Billie Holiday

1915-1959

Nationality: American
Occupation: Jazz vocalist

NARRATIVE ESSAY:

Billie Holiday (1915-1959) was a jazz vocalist with perhaps the most emotional depth of any singer in jazz history.

Billie Holiday's life was tragic. Born into out-of-wedlock poverty, she became the most influential female jazz vocalist of her time, but, she battled--with drug addiction, with narcotics agents' harassment, with racism, with self-serving lovers, and with people that would hang around with her just to get what she had. Many serious listeners consider her the greatest jazz vocalist ever.

She was born Eleanora Fagan on April 7, 1915, in Baltimore, Maryland. (The name "Billie" she later borrowed from one of her favorite movie actresses, Billie Dove.) At the time of Billie's birth, her mother, Sadie Fagan, was 13 years old, and her father, Clarence Holiday (later a jazz guitarist in Fletcher Henderson's band), was 15; they married each other three years later. As a child Billie ran errands for prostitutes in a nearby brothel (house of prostitution), and as a reward they allowed her to listen to their Louis Armstrong.

When she was thirteen, she went to New York City with her mother, who worked as a housemaid, but the 1929 depression soon left her mother unemployed. In 1932 Billie, who was 17 years old, tried out for a job as a nightclub dancer, and when she was rejected, she spontaneously auditioned for a singing job and was hired. For the next few years she sang in a succession of Harlem clubs. until her career received a boost from impresario John Hammond, who induced Benny Goodman to use her on a record in 1933. But it was through a series of superb recordings made between 1935 and 1939 that her international reputation was established; those performances are jazz classics not only for Billie's singing but also for the outstanding group and solo work of the accompanying all-star groups. During the late 1930s she was also a big band vocalist, first with Count Basie (1937) and then with Artie Shaw (1938).

Her relationship with Basie's star tenor saxophonist Lester Young is the stuff of legend: they worked well together and became great friends for life (Young had the same type of problems Holiday did). He named her "Lady Day," and that title became her jazz world nick-name from the mid-1930s on; she in turn labeled him "Pres" (the "President of Tenor Saxophonists").

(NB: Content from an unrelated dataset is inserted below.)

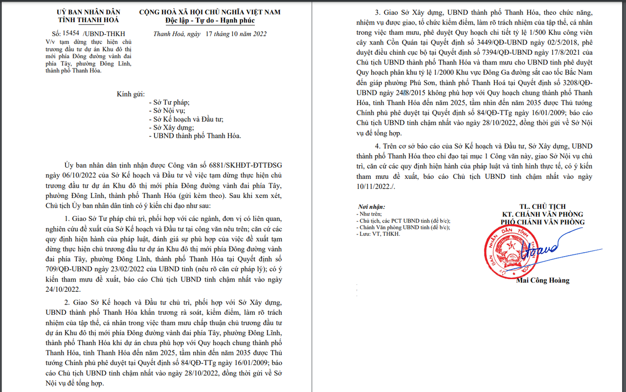 Cụ thể, UBND tỉnh Thanh Hoá cho biết, ngày 6/10 UBND tỉnh đã nhận được công văn của Sở Kế hoạch và Đầu tư, đề xuất về việc tạm dừng thực hiện chủ trương đầu tư dự án này. Vì vậy, tỉnh giao Sở Tư pháp đánh giá sự phù hợp của đề xuất, nêu rõ căn cứ pháp lý, có ý kiến tham mưu đề xuất, báo cáo Chủ tịch UBND tỉnh chậm nhất ngày 24/10.

Their musical interaction is one of the miracles of jazz. On many recordings the tenor saxophone and voice interweave so well that they sound as if they're poured from the same bottle. After the late 1930s they rarely recorded together, but to the end remained soulmates. (They died the same year.) Billie's career reached its height in the very late 1930s. In 1938 she worked a long engagement at Cafe Society; the following year she joined Benny Goodman on a radio broadcast; she was regularly working the big New York theaters and the famous 52nd Street clubs. Two songs of the period are noteworthy: the first, "Strange Fruit," with a haunting lyric by Lewis Allan to which Billie contributed the music, is a depiction of a lynching; her record company, Columbia, considered it too inflammatory and refused to issue it, but it was finally released by a small record company (Commodore) in 1939 and, ironically, became a big money-maker because of the tune on the record's other side, "Fine and Mellow," a blues written by Billie. Another tune always associated with her was "Gloomy Sunday," which was expressive of such deep despair that it was for a time barred from the airwaves (it hinted at suicide).

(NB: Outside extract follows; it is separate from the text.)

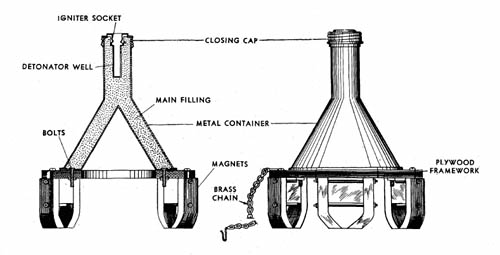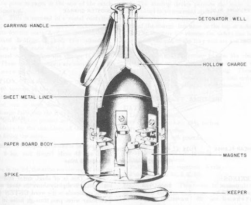 Но эта штука оказалась слишком сложной и дорогой в производстве, поэтому её заменили на Hafthohlladung 3 (Где две предыдущих? Спросите у старичков в Аргентине, хз.) Там корпус уже был сделан из шести, да и формой был попроще. Тут бронепробиваемость увеличилась до 140 миллиметров, а масса ВВ - до полутора кило. В таком варианте эта штука выпускалась до середины 43-его, когда появилась мина Hafthohlladung 5 (Где четвёртая? Нувыпоняли.), с увеличившейся до 3,5 кг массой (1,7 кг ВВ) и пробитием в 150 мм. Где можно было в 43-ем найти танк, имеющий толщину брони корпуса выше 140 мм хоть где-нибудь, и зачем было модернизировать мины в этом направлении - неясно, зато теперь немецким сапёрам пришлось таскать лишние полкило, а потом от них же (в виде осколков) бегать. Благо, в это же время к магнитным минам начали штатно поставлять взрыватели на 7,5 секунд.

By the mid-1940s Billie had been arrested many times for narcotics violations, and after one arrest in 1947, at her own request, was placed for a year and a day in a federal rehabilitation center at Alderson, West Virginia. Just ten days after being released she gave a concert at Carnegie Hall, but then was barred by New York City police licensing laws from working in any place that served liquor, which meant that she could never again appear in a New York nightclub.

Neither of her husbands--trumpeter Joe Guy (whom she divorced in the 1940s) nor Louis McKay (who survived her)--seemed able or inclined to save Billie from herself. By the 1950s alcohol and marijuana had taken a toll; her voice grew unnaturally deep and grainy and occasionally cracked during performance. Nevertheless, her singing was sustained by her highly individual style, the intimacy she projected, and her special way with a lyric. In 1954 she toured Europe and was very popular there, and in 1958 she made a memorable appearance in the television special "The Sound of Jazz," surrounded by an all-star ensemble which included the three top tenor saxophonists of the time, Coleman Hawkins, Ben Webster, and her beloved "Pres."

Billie made her final public appearance in a concert at the Phoenix Theatre, New York City, on May 25, 1959. She died in Metropolitan Hospital, New York City, on July 17, 1959, of "congestion of the lungs complicated by heart failure"; she had at the time of her death been under arrest in her hospital bed for more than a month for illegal possession of drugs.

An elegiac poem written by Frank O'Hara, "The Day Lady Died" (1964), ends " ... she whispered a song along the keyboard ... and everyone and I stopped breathing"--lines that are evocative of the pindrop silence this extraordinary singer was able to command. Tall, sensually exotic, with a swatch of gardenias in her hair, she sang with her head tilted jauntily back and her fingers snapping to the beat; audiences unfailingly responded with hushed reverence.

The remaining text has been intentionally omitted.